In FF# 416, 1996, Reed Richards is presumed dead, killed by Doctor Doom. I guess the remaining Fantastic Three aren't comic book readers or they'd have known he was coming back because nobody stays dead in comics NOT EVEN BUCKY! But they didn't, and the team needed to a brainiac, and since they couldn't get the Beast or Spiderman or Henry Pym or any of the other dozen or so existing recognized marvel brainiacs, they went with Scott Lang, and ex-burglar sort of inventor guy who stole some stuff from the Original Ant-Man back in the seventies and went on to become... ANT-MAN II! Can I just break here for a moment to say that I am WALLOWING in shame that I know all this? Ant-Man II stayed with the FF even after Reed turned out not to be dead, until ALL the FF were once again presumed dead in a huge marvel cross over event they called Onslaught and I called the only thing Marvel ever did that even approached the crappiness level of the UCWF.


"E-bo-niiiiiiiiiiie and IIIIII-Vo-Ryyyyyyy..."

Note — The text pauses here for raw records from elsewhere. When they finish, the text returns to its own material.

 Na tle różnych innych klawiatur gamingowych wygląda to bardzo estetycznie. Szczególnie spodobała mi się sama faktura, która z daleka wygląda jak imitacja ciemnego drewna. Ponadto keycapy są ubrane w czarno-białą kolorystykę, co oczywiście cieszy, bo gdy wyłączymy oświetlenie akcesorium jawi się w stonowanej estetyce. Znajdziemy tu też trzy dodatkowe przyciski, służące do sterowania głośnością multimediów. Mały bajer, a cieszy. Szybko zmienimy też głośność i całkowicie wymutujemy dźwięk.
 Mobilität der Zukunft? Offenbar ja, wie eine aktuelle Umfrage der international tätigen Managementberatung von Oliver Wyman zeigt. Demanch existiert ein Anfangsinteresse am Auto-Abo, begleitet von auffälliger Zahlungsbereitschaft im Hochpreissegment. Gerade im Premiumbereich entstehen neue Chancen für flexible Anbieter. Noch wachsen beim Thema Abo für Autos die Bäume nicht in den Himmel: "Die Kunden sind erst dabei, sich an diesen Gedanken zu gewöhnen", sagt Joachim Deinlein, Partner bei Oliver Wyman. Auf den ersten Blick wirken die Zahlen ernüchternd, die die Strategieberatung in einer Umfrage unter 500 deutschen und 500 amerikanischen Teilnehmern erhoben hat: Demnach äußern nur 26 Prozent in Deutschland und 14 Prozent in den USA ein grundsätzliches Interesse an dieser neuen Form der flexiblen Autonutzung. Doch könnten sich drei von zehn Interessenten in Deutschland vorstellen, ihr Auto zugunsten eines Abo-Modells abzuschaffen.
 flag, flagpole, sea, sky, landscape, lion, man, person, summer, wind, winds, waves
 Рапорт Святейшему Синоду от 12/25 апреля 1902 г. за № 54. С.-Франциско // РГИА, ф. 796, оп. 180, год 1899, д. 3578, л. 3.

That brings us to today. Reed and Sue are once again 'Working on their marriage'. I guess a second honeymoon will help Sue accept the fact that her husband created an extra dimensional gulag Guantanamo where super powered people are imprisoned indefinitely without charges. So Reed and Sue called up newlyweds Black Panther and Storm, king and queen of the African nation of Wakanda to fill in for them. 'Cause, you know, they aren't at all busy RUNNING A COUNTRY! Is this going to be even more stupid than what has gone before? Hard to say, because A.) It's going on right now and B.) I haven't read any of it at all. SO:


"I... am... H.E.R.B.I.E... Of... The... Sucktastic... Four."

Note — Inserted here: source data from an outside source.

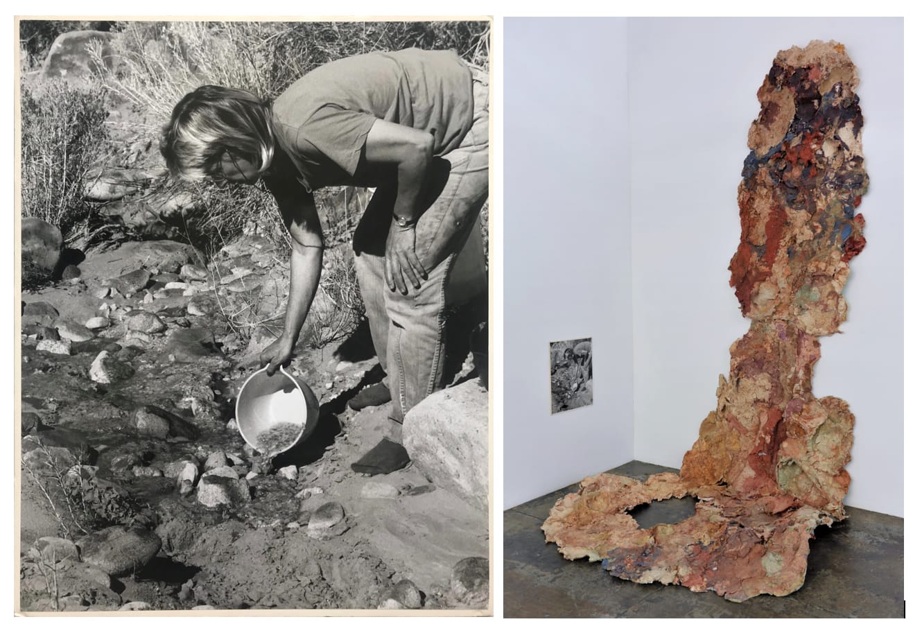 Betsy Damon’s “The Memory of Clean Water” (1985) is another such touchstone. Using handmade paper pulp, Damon made a 250-foot cast of Utah’s Castle Creek riverbed before the river was dammed. The sculpture climbs the gallery walls and spills onto the floor. It is as delicate as it is massive, its fragile multicolored surface pockmarked with small holes and natural detritus. Damon made the work with a traditional art context in mind. However, when she learned about pollutants in the river she “woke up”, realizing that she wanted to turn her focus toward community organizing, teaching, and founding a water-related nonprofit. The sculpture is a landmark work in Damon’s oeuvre, but it also signifies a moment of reckoning in which she decided that her activism had to employ new tactics and take new forms to be effective.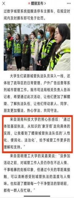 大学生体验“一日城管” 感叹“真不容易!”(醴陵城管2024-01-26湖南)https://mp.weixin.qq.com/s/ycEjxIyhjP4XfV5s7PEsfg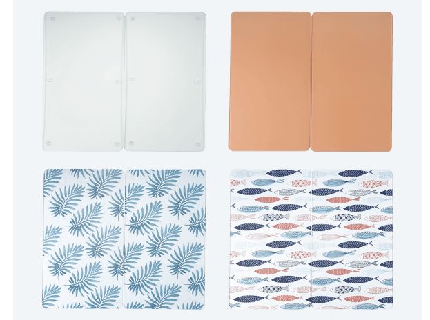 Y de manteles protectores para comer a protector de cocinas para colocar encima tablas de cortar y que así no se dañe la encimera o, peor aún, el mueble de cocina al ser más susceptible de ello. Tienes también en Aldi diferentes modelos como ves con diseños para todos los gustos. Que sepas que la oferta es de dos y no de los cuatro, con lo que te sale el pack a 9,99 euros, es decir, menos de 5 euros cada uno. Son de 30 x 52 cm, de vidrio y por tanto es un 2 en 1, es decir, se puede usar como propia tabla de cortar pero también para servir o cubrir placas de cocina.

I leave you with the most stupidest of all FF replacements. In 1978, Depatie Freleng productions, the same folks that brought us the "Pink Panther" cartoons, came out with a Fantastic Four cartoon. They were so sold on the idea of doing an FF cartoon that they went ahead with it even after they were told this FF would have no Human Torch. I've heard several explanations for this over the years. Some say Network execs were worried kids would set themselves on fire in imitation, like that Buddhist Monk FF fan did during the Vietnam war. Others suggested it took too many cells to cost effectively animate the Human Torch. The most plausible explanation is that the rights for the Human torch were tied up by the same folks who gave you the execrable live action Spiderman TV show. If you ever saw their Daredevil, Dr. Strange or Thor attempts, you can be really glad they never got around to 'The Human Torch variety Hour' or whatever form of torture they'd planned. So for the cartoon, the Human Torch was replaced with H.E.R.B.I.E. That stands for Humanoid Experimental Robot, B-type, Integrated Electronics. Remember that shame I was wallowing in? It's self-loathing now. Just so you know. H.E.R.B.I.E. was voiced by the late Frank Welker, who also voiced Freddy from Scooby Doo and a whole stable of other closeted gay cartoon characters. H.E.R.B.I.E. is an interesting footnote in that he was the only character actually designed by Stan Lee and Jack Kirby that no one on the entire planet liked at all, even a little. So only a Hitler like hatred of the human race could explain why Marv Wolfman brought H.E.R.B.I.E. into actual FF comic book continuity. If Luke Cage was a blaxploitation character written by Honkies, H.E.R.B.I.E. is R2D2 written your extremely uncool parents. The only thing good you could do with H.E.R.B.I.E. is put him in a mud filled cage with Ms. Lion from 'Spiderman and his Amazing Friends' and have them fight to the death with chain saws, and then while they were fighting, tumble the cage into a car crusher.

And you know what? If "Rise of the Silver Surfer" does well enough to get a sequel? I bet you anything H.E.R.B.I.E. is in it. 'Cause the smart money and the stupid money seem to be the same thing where the FF is concerned.